В случае с "Ромео и Джульеттой" подобные напоминания излишни. Оптимистический трагизм этой пьесы заложен в ней самой и подтвержден многократно. Принято считать, что у "нормальных" людей любовь короче жизни. И в одну жизнь даже помещается несколько любовей. Любовь умирает, а человек продолжает жить.

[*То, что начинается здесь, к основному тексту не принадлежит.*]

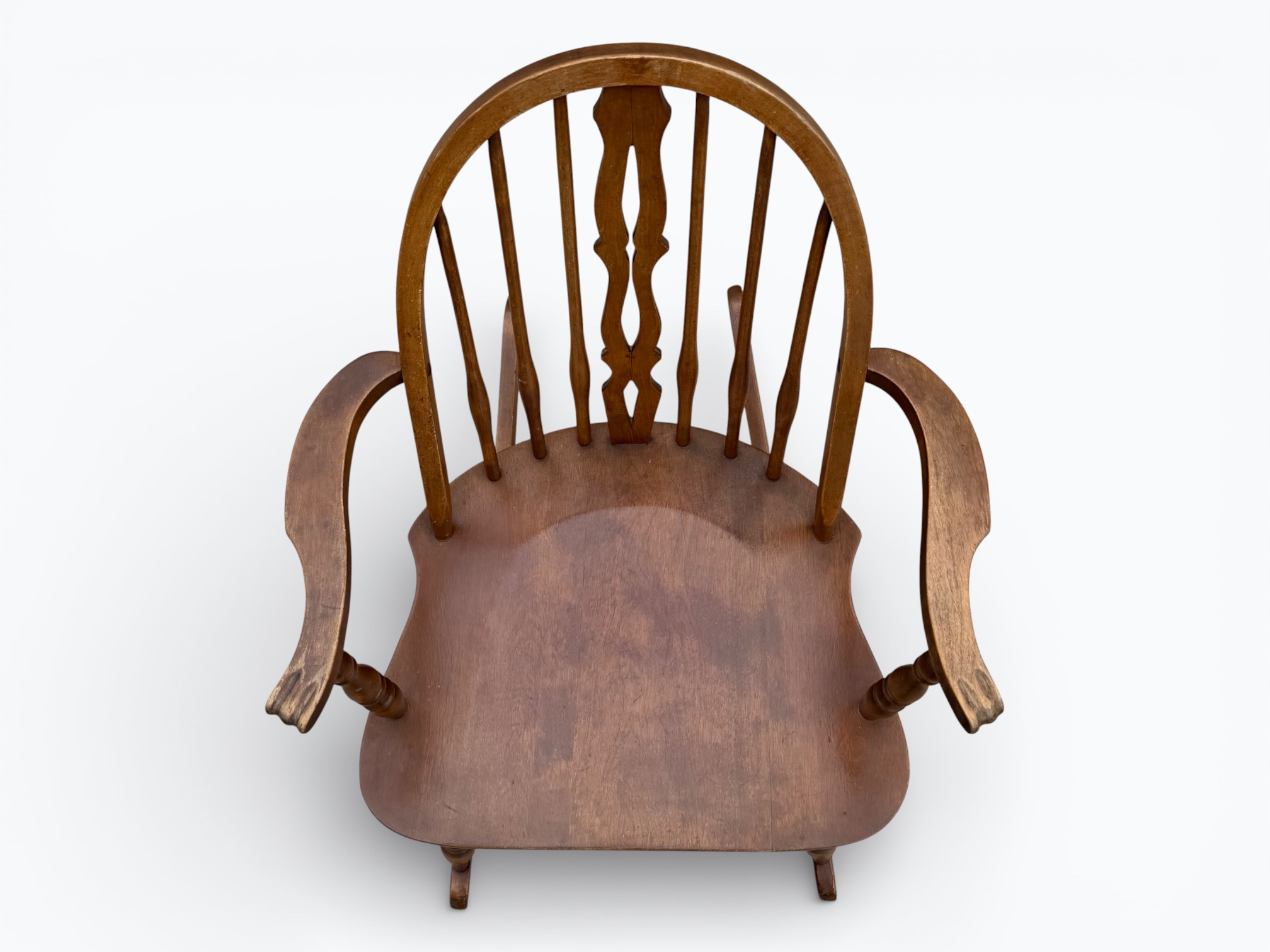 • [Features]: Windsor spindle back style; Central shaped decorative splat; Saddle seat; Carved claw arms; Turned legs and stretchers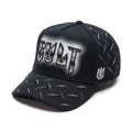 Elevate your fit with our latest mesh back trucker in black. This hat is adorned with an all over diamond embroidery pattern and an embroidery patch on the front. The adjustable strap ensures a perfect fit for every head size, while the breathable mesh back fabric keeps you cool even on the hottest days.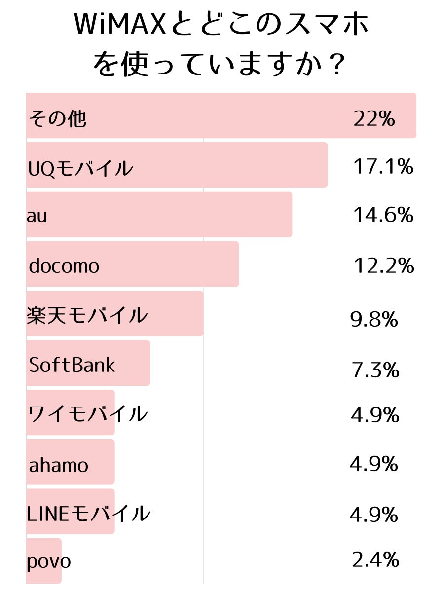 使っているスマホについては、その他のスマホが22%と多く、次にWiMAXでセット割が使えるUQモバイルが17.1%、auが14.6%となりました。

Ромео и Джульетта – аристократы любви. Они не нормальны. Их любовь оказалась гораздо длиннее физического пребывания на земле. Носители чувства умерли, а само чувство нетленно до сих пор. Любовь поставила Ромео и Джульетте памятник посмертно – те самые золотые статуи, которые сулила им родня.

Радуйтесь, но плачьте.

Секс при медовой луне
В "Ромео и Джульетте" три главных героя – он, она и их любовь, которая, как ребенок, приятно оттягивает им руки, наполняет сердца умилением и гордостью, а душу – страхом перед будущим. Такую любовь встречают избранные, и то после долгих, мучительных поисков. Но у Шекспира становление героев спрессовано, как точка, из которой в результате Великого Взрыва родилась Вселенная. Нам остается верить, что они сразу попали в десятку...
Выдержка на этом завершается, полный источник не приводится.